As Frederick Allen tells in his book, Secret Formula, about how Coca-Cola became a worldwide brand,
On April 9, 1928, Hopkins leaked a story to the Associated Press in New York disclosing his role as the investor who had been buying Coca-Cola stock and pushing up its price. Then he walked into the main branch of Chase National Bank in New York, signed a six-month note, and borrowed $1 million in cash so he could buy more. For the next three weeks, he and the Woodruffs fought a desperate battle over the future of the company. Ernest, Robert, and their allies at Trust Company launched a new round of short sales, hoping to depress the price of the stock, while Hopkins spent his million dollars buying up their positions and keeping the value high.

==Philanthropy==
One of Hopkins' major philanthropies was the donation of his Atlanta mansion and its grounds to the Peachtree Church of Atlanta for a parsonage. He shortly followed this gift with a donation of $100,000 to Emory University in Atlanta. That gift was one of the largest ever made to Atlanta charities in the 1930s. The money was planned to be used for the development of the Emory University medical department's facilities, and the erection of a home for the Good Samaritan Clinic.

==Death==
Hopkins died of heart disease in Georgia on August 14, 1937, after a short illness.

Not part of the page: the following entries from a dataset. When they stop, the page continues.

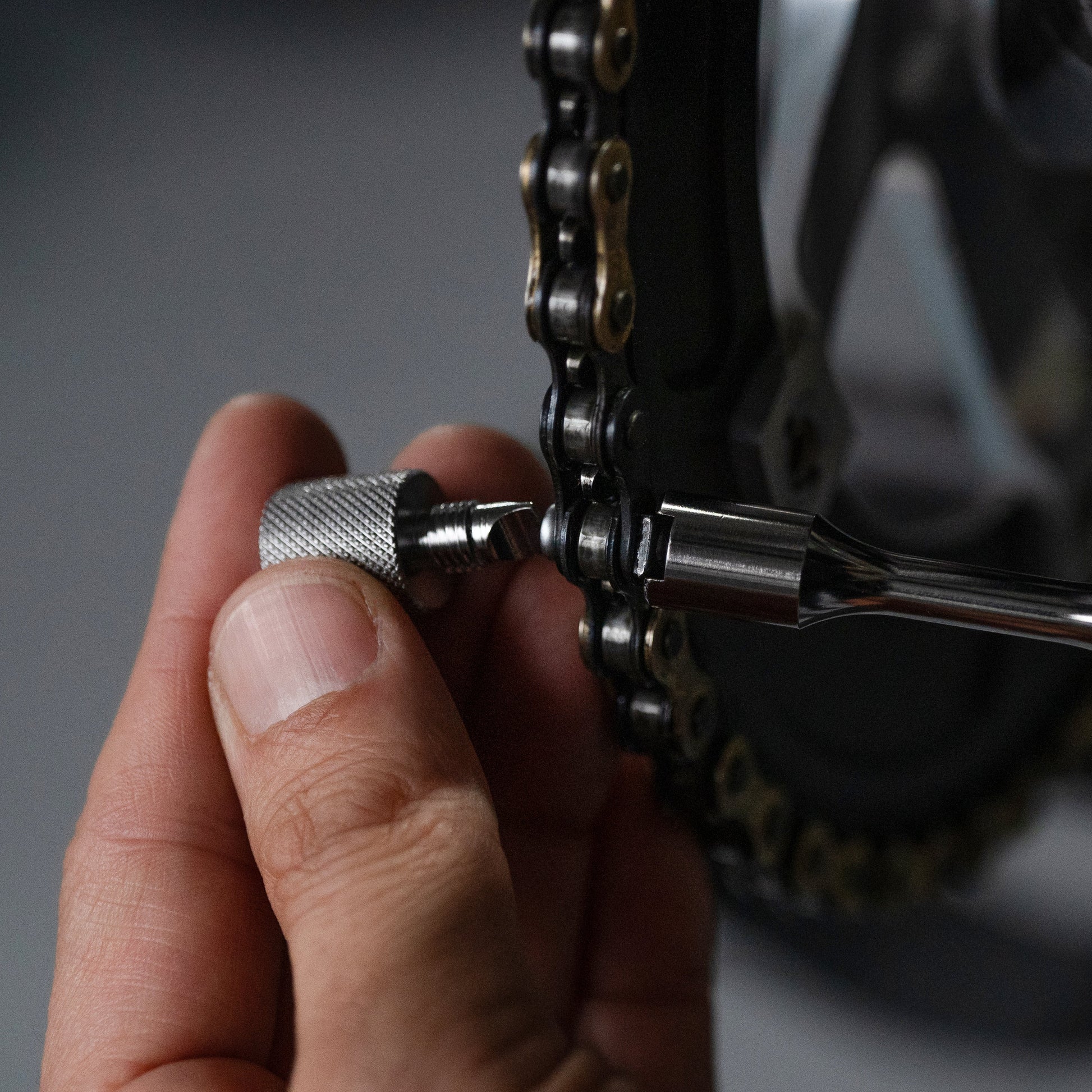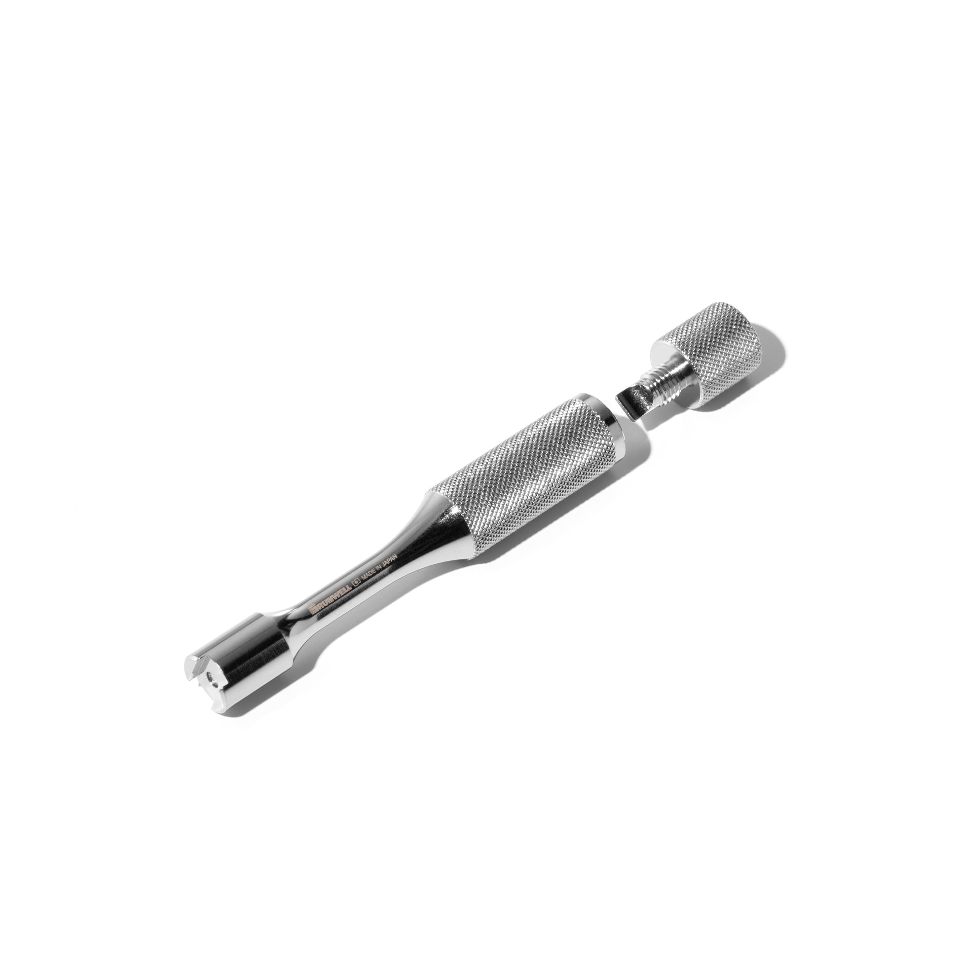 The BOUNCER is a specialized tool for turning bolts and nuts at the joints of truck chains. Combining the functions of a flathead screwdriver and pliers, the BOUNCER can be used to check for looseness, tighten, and remove plate nuts. The screwdriver and wrench are knurled for anti-slip performance, making them ideal for delicate work.
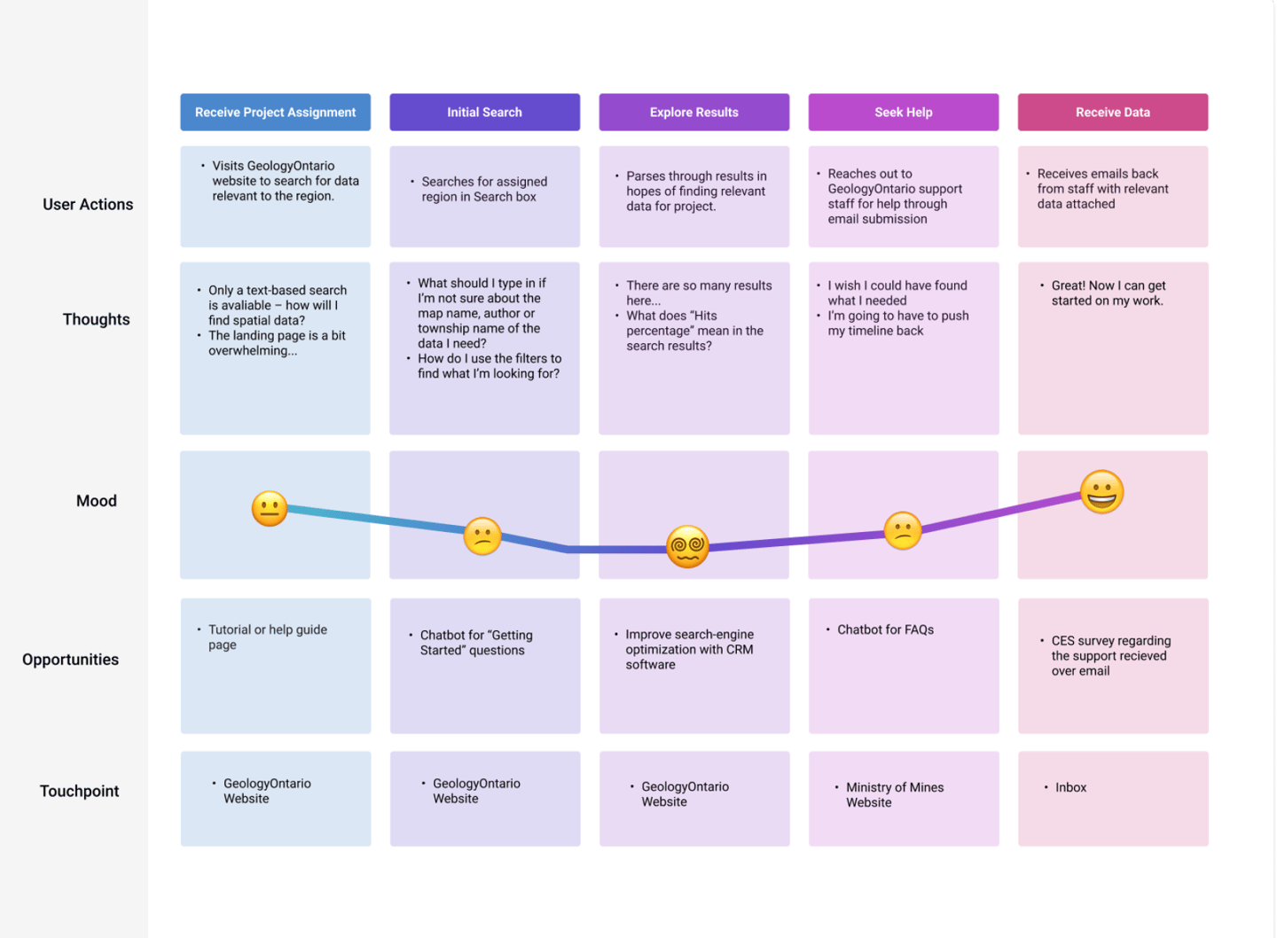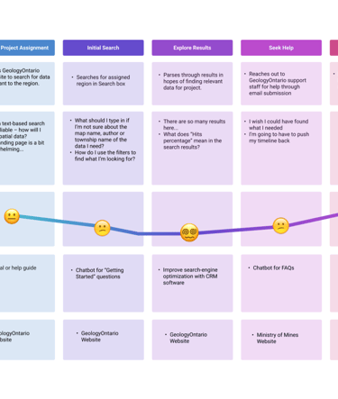 Based on existing user research data collected from earlier research, I developed a customer journey map that outlined the existing user journey for users of the old GeologyOntario website.
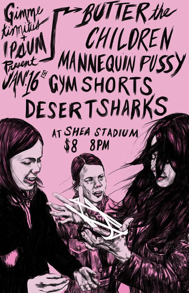 Butter The Children, Mannequin Pussy, Desert Sharks, Gym Shorts @ Shea Stadium 8pm ($8) We love Butter The Children. Now, when the fuck are they
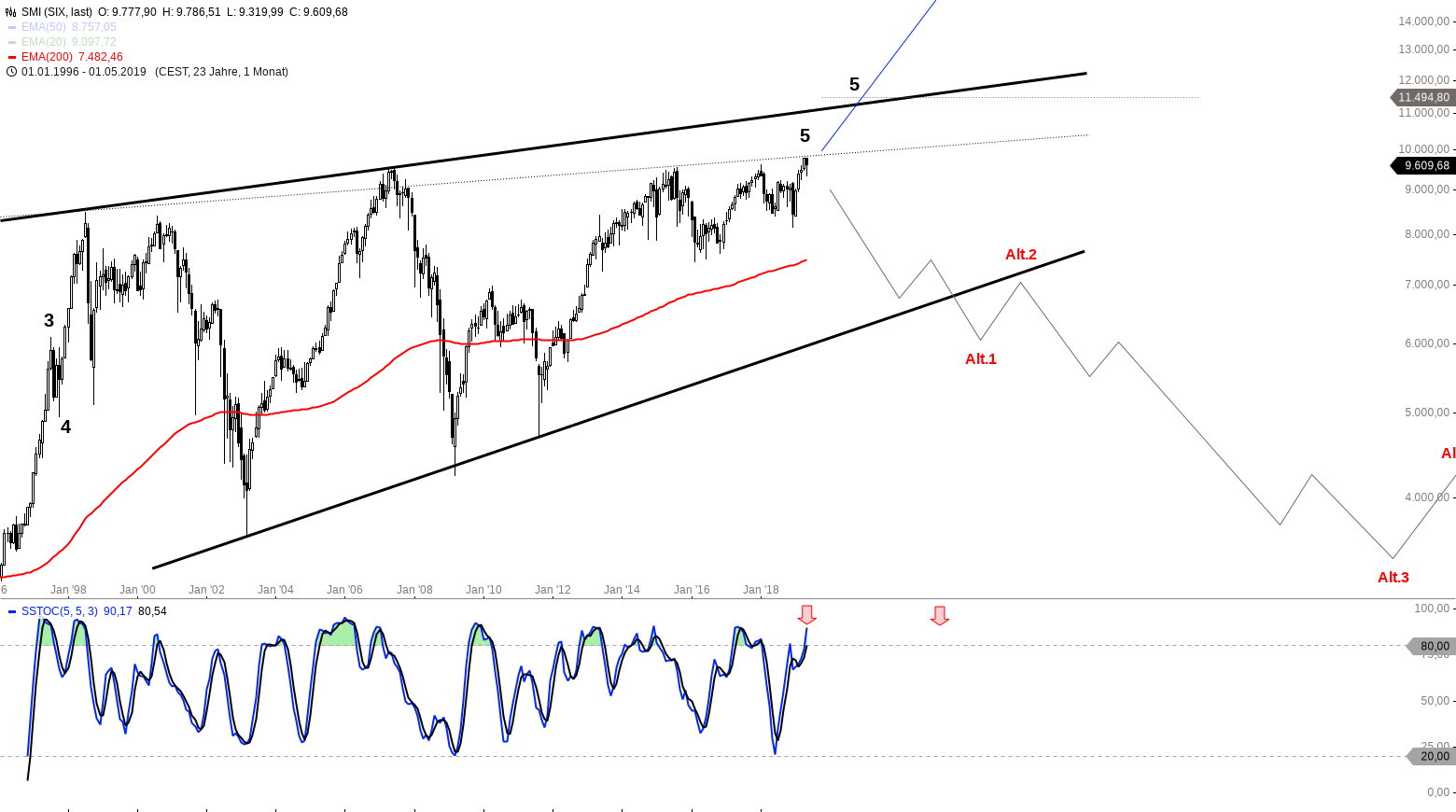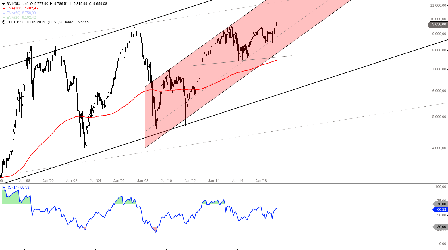 Monatschart SMI Index 1996 – 2019, eine Kerze entspricht einem Monat – Chart by Guidants.
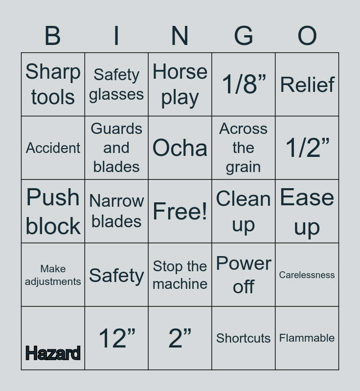 This bingo card has a free space and 24 words: Hazard, Safety, Ocha, Shortcuts, Relief, Sharp tools, Safety glasses, Horse play, Clean up, Ease up, Push block, Guards and blades, Power off, Carelessness, Accident, 12”, 2”, 1/8”, 1/2”, Make adjustments, Narrow blades, Stop the machine, Across the grain and Flammable.

Eddie Rickenbacker, who was a pallbearer at Hopkins's funeral, said, "He made friends wherever he went, and I am proud to say that our friendship has been more than 20 years' standing. He had friends everywhere because his interests were so wide that he numbered his friends in all walks of life".

Hopkins's death had a significant impact on the community due to his prominence as a philanthropist. Minister Dr. Bricker, at Hopkins's funeral, said he was a "man who did good in secret".